Access Management

Zebrix Control provides a flexible and structured access management system, allowing permissions to be assigned according to a user’s role and the scope in which they are allowed to operate.

Access management is based on three fundamental concepts:

  • Users – Individuals with an account in Zebrix Control.
  • Roles – A set of permissions defining the actions allowed.
  • Groups – The association of a role with a specific scope (location, equipment type, tags).

A user’s final access level is the combination of their role permissions and the scope defined by the group(s) they belong to.

Best Practices

  • Apply the principle of least privilege
  • Create roles aligned with business functions (Technician, Manager, Supervisor…)
  • Use groups to segment access by area or responsibility

Roles

Roles define what a user can do within the application.

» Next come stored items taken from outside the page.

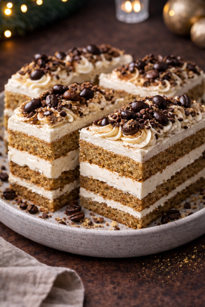 Na pierwszy blat biszkoptu wyłóż połowę kremu i wyrównaj. Przykryj drugim blatem i rozprowadź pozostały krem na wierzchu. Udekoruj wierzch rozetkami z kremu, posiekaną czekoladą, ziarnami kawy i oprósz kakao.
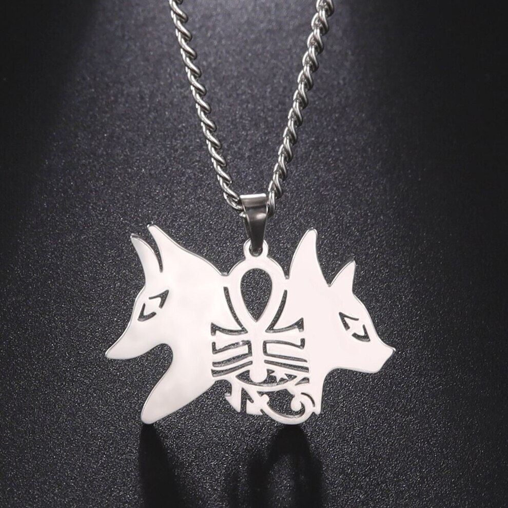 【クーポン利用で2810円】 ペンダント ネックレス エジプト 神話 ステンレス 古代 ジュエリー ビンテージ ギフト メンズ 男性 スタイル パンク ロック タグ 私 O Y 古代エジプト神話 アヌビス 王 シルバー かっこいい 小豆 あずき チェーン
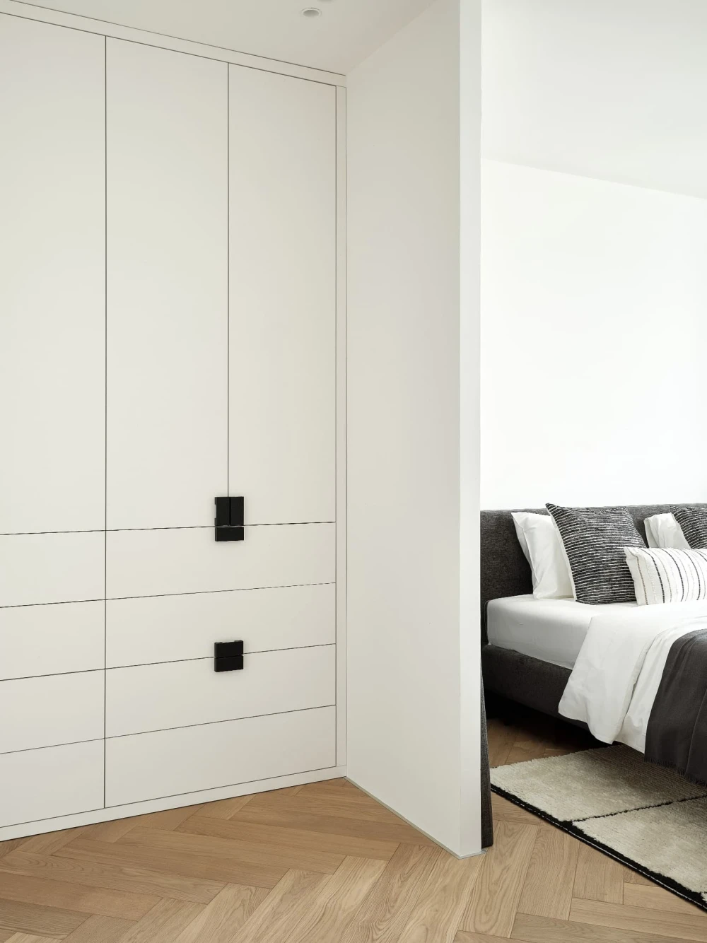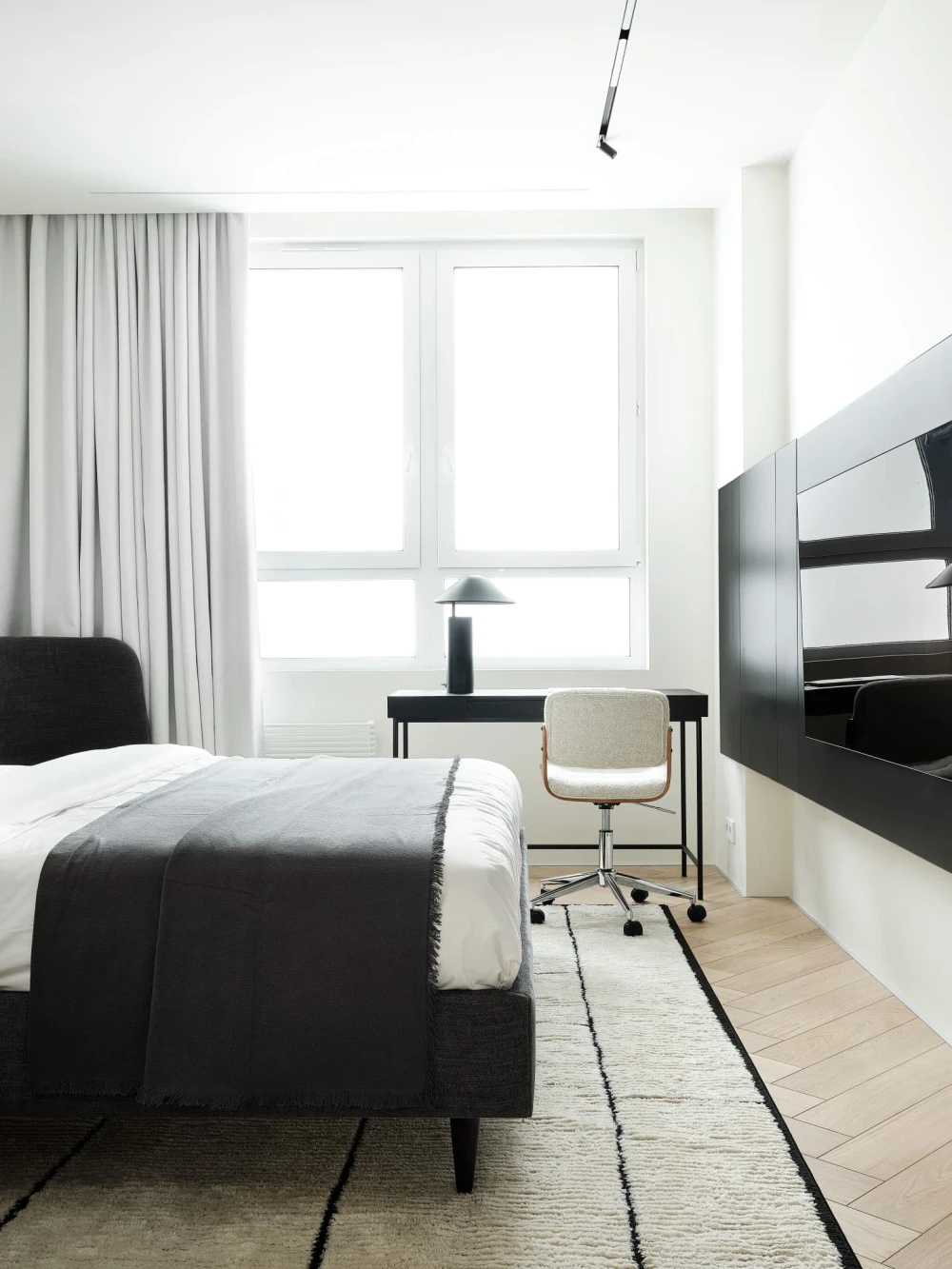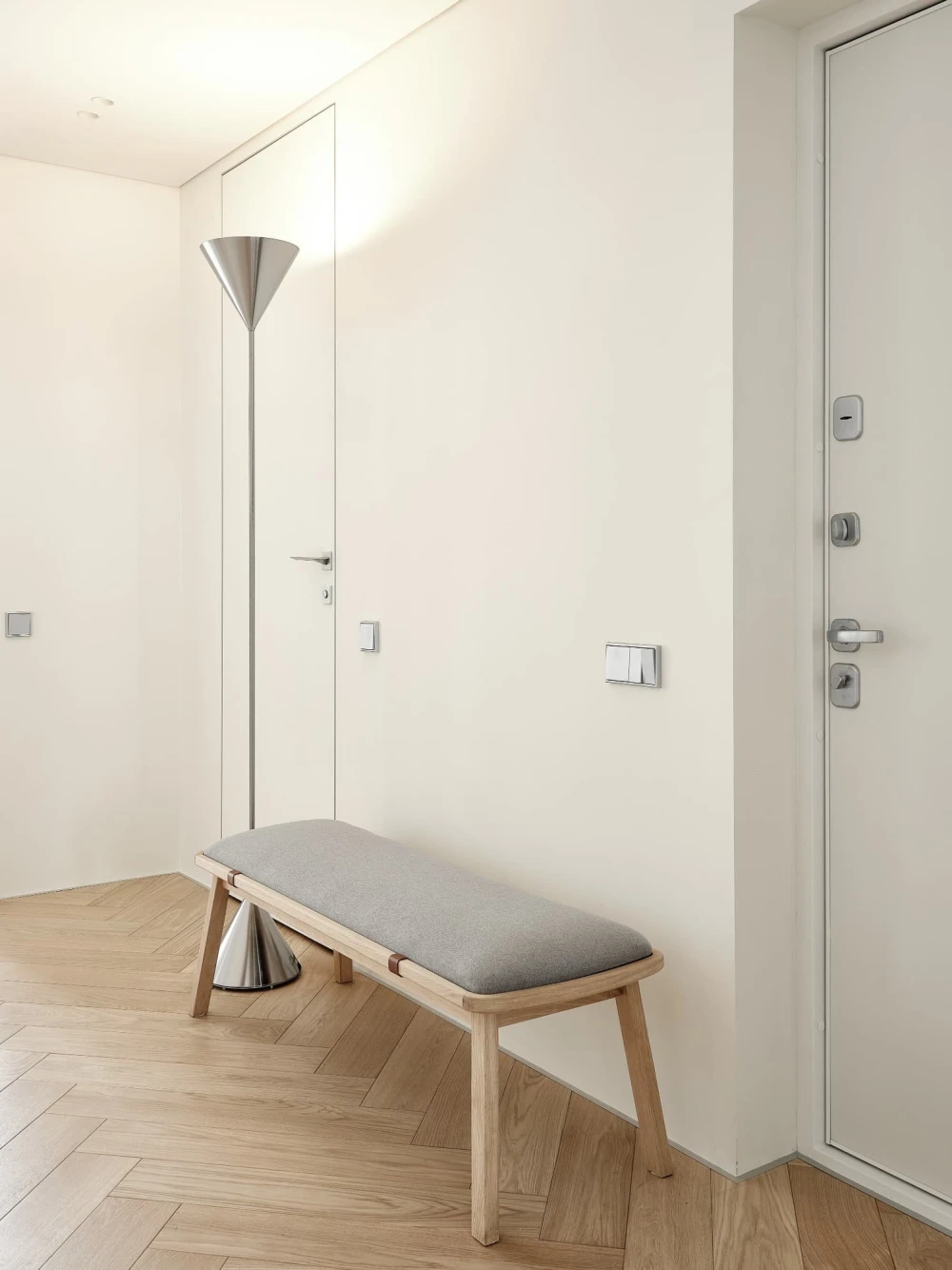 «При первом посещении объекта мы сразу отметили высокий этаж, панорамные виды на центр города и обилие света и воздуха, — рассказывает дизайнер. — Планировка квартиры от застройщика — так называемая «распашонка»: с одной стороны открывается оживленная улица, с другой стороны — двор. Это позволило легко разделить пространство на приватный и гостевой блоки, но потребовалась дополнительная работа над узкой прихожей, маленьким гостевым санузлом и сложной системой коридоров. Подарком от застройщика стала большая кладовая-гардеробная, площадь и периметр которой остались практически неизменными».

Menu: Administration > Roles

For each module (Equipment, Alarm, Incident, Location…), you can authorize:

  • View
  • Create
  • Edit
  • Delete
  • Execute commands (for equipment)

A role defines the allowed actions, but not the scope where they apply.

Groups

Groups associate a role with a specific operational scope.

Menu: Administration > Groups

A group contains:

  • A role
  • One or more users
  • Scope restrictions

Types of Scope Limitations

Geographic Limitation

A group can be restricted to one or several locations.

Example: A Proximity ÃŽle-de-France group may only operate on equipment located in Paris.

Equipment Type Limitation

A group can be limited to specific equipment types or product ranges.

If no filter is defined, the role applies to all equipment within the selected geographic scope.

Tag Limitation

Access can also be restricted to equipment associated with specific tags.

This enables fine-grained segmentation (VIP equipment, Critical systems, Specific department…).

User Belonging to Multiple Groups

A user may belong to multiple groups.

In that case:

  • Permissions are cumulative
  • Scopes are combined

The user’s effective access corresponds to the union of all permissions granted by their groups.